**Aim of the task:** Give every line of the records exactly, please, from the first up to and including the one containing "SM称CBX说谎SM称CBX".

**Records for this exercise:**
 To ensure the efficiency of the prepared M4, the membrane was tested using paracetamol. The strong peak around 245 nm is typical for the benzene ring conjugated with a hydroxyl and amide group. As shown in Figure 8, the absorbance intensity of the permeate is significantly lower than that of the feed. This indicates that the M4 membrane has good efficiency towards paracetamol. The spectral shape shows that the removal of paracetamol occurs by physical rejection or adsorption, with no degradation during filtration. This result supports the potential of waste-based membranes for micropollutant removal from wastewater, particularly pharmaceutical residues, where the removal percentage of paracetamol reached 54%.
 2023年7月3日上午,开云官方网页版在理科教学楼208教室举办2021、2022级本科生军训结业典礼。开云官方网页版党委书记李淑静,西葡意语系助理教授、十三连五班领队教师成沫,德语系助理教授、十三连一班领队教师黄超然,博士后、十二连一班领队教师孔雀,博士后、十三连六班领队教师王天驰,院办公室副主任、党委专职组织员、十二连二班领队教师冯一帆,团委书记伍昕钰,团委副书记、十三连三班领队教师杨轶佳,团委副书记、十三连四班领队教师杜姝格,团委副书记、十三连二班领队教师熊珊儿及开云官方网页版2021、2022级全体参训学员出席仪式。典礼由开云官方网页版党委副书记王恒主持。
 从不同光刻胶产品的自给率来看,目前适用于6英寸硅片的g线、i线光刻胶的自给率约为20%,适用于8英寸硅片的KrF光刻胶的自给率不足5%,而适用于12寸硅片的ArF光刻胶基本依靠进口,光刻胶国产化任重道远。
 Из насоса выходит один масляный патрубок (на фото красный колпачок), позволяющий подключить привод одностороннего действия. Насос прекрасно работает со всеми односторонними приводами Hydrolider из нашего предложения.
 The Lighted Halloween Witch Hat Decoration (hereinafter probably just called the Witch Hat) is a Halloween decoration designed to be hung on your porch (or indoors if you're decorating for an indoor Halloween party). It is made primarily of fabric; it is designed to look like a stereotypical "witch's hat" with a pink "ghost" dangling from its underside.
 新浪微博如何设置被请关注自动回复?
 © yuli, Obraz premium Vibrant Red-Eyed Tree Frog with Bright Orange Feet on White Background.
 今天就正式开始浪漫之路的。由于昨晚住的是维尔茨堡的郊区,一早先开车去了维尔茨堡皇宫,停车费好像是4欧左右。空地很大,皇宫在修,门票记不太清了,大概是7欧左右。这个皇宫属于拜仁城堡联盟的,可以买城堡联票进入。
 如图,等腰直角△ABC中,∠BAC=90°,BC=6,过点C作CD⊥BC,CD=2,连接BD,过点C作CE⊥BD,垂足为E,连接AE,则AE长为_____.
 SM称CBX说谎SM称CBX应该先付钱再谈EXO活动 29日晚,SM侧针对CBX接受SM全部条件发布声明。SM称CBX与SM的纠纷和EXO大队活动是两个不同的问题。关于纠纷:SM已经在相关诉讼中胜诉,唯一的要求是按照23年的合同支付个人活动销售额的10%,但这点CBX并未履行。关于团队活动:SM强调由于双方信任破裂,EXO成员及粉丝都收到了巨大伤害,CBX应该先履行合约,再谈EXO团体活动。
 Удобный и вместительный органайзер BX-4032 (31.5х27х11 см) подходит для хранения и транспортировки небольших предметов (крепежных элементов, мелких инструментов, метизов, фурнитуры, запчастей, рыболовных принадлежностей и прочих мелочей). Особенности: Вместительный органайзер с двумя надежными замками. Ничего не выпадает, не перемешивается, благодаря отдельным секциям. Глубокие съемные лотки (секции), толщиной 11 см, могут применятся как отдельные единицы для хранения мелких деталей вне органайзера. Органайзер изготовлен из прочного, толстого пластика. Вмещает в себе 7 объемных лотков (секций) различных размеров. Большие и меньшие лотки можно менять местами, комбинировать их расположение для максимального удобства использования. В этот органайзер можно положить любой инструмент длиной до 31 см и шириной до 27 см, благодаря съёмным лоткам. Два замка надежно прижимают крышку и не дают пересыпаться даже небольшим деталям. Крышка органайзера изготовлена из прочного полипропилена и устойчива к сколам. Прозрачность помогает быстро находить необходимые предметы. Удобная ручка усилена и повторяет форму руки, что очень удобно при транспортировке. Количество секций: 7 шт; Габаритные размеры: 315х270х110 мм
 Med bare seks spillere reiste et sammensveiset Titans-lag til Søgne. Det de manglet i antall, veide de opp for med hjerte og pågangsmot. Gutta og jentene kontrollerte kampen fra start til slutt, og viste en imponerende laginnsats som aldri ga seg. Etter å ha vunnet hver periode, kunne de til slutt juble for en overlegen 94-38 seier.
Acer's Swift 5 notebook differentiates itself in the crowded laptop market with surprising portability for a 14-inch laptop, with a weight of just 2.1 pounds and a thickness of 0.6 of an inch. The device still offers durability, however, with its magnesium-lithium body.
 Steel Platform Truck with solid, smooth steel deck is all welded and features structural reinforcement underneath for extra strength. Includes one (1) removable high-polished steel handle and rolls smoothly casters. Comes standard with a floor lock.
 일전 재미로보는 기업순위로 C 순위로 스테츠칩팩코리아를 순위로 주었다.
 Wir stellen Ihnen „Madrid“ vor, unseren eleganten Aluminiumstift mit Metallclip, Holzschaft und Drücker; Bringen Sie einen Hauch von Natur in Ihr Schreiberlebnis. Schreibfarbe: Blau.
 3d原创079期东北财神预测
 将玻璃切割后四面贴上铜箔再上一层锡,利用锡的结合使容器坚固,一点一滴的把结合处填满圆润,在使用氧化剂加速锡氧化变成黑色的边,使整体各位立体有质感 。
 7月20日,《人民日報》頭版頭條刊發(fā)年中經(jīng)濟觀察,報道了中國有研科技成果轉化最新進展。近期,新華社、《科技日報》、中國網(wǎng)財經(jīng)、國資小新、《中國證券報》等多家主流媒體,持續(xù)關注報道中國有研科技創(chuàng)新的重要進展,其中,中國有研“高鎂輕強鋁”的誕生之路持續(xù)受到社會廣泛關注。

**Answer space:**
 To ensure the efficiency of the prepared M4, the membrane was tested using paracetamol. The strong peak around 245 nm is typical for the benzene ring conjugated with a hydroxyl and amide group. As shown in Figure 8, the absorbance intensity of the permeate is significantly lower than that of the feed. This indicates that the M4 membrane has good efficiency towards paracetamol. The spectral shape shows that the removal of paracetamol occurs by physical rejection or adsorption, with no degradation during filtration. This result supports the potential of waste-based membranes for micropollutant removal from wastewater, particularly pharmaceutical residues, where the removal percentage of paracetamol reached 54%.
 2023年7月3日上午,开云官方网页版在理科教学楼208教室举办2021、2022级本科生军训结业典礼。开云官方网页版党委书记李淑静,西葡意语系助理教授、十三连五班领队教师成沫,德语系助理教授、十三连一班领队教师黄超然,博士后、十二连一班领队教师孔雀,博士后、十三连六班领队教师王天驰,院办公室副主任、党委专职组织员、十二连二班领队教师冯一帆,团委书记伍昕钰,团委副书记、十三连三班领队教师杨轶佳,团委副书记、十三连四班领队教师杜姝格,团委副书记、十三连二班领队教师熊珊儿及开云官方网页版2021、2022级全体参训学员出席仪式。典礼由开云官方网页版党委副书记王恒主持。
 从不同光刻胶产品的自给率来看,目前适用于6英寸硅片的g线、i线光刻胶的自给率约为20%,适用于8英寸硅片的KrF光刻胶的自给率不足5%,而适用于12寸硅片的ArF光刻胶基本依靠进口,光刻胶国产化任重道远。
 Из насоса выходит один масляный патрубок (на фото красный колпачок), позволяющий подключить привод одностороннего действия. Насос прекрасно работает со всеми односторонними приводами Hydrolider из нашего предложения.
 The Lighted Halloween Witch Hat Decoration (hereinafter probably just called the Witch Hat) is a Halloween decoration designed to be hung on your porch (or indoors if you're decorating for an indoor Halloween party). It is made primarily of fabric; it is designed to look like a stereotypical "witch's hat" with a pink "ghost" dangling from its underside.
 新浪微博如何设置被请关注自动回复?
 © yuli, Obraz premium Vibrant Red-Eyed Tree Frog with Bright Orange Feet on White Background.
 今天就正式开始浪漫之路的。由于昨晚住的是维尔茨堡的郊区,一早先开车去了维尔茨堡皇宫,停车费好像是4欧左右。空地很大,皇宫在修,门票记不太清了,大概是7欧左右。这个皇宫属于拜仁城堡联盟的,可以买城堡联票进入。
 如图,等腰直角△ABC中,∠BAC=90°,BC=6,过点C作CD⊥BC,CD=2,连接BD,过点C作CE⊥BD,垂足为E,连接AE,则AE长为_____.
 SM称CBX说谎SM称CBX应该先付钱再谈EXO活动 29日晚,SM侧针对CBX接受SM全部条件发布声明。SM称CBX与SM的纠纷和EXO大队活动是两个不同的问题。关于纠纷:SM已经在相关诉讼中胜诉,唯一的要求是按照23年的合同支付个人活动销售额的10%,但这点CBX并未履行。关于团队活动:SM强调由于双方信任破裂,EXO成员及粉丝都收到了巨大伤害,CBX应该先履行合约,再谈EXO团体活动。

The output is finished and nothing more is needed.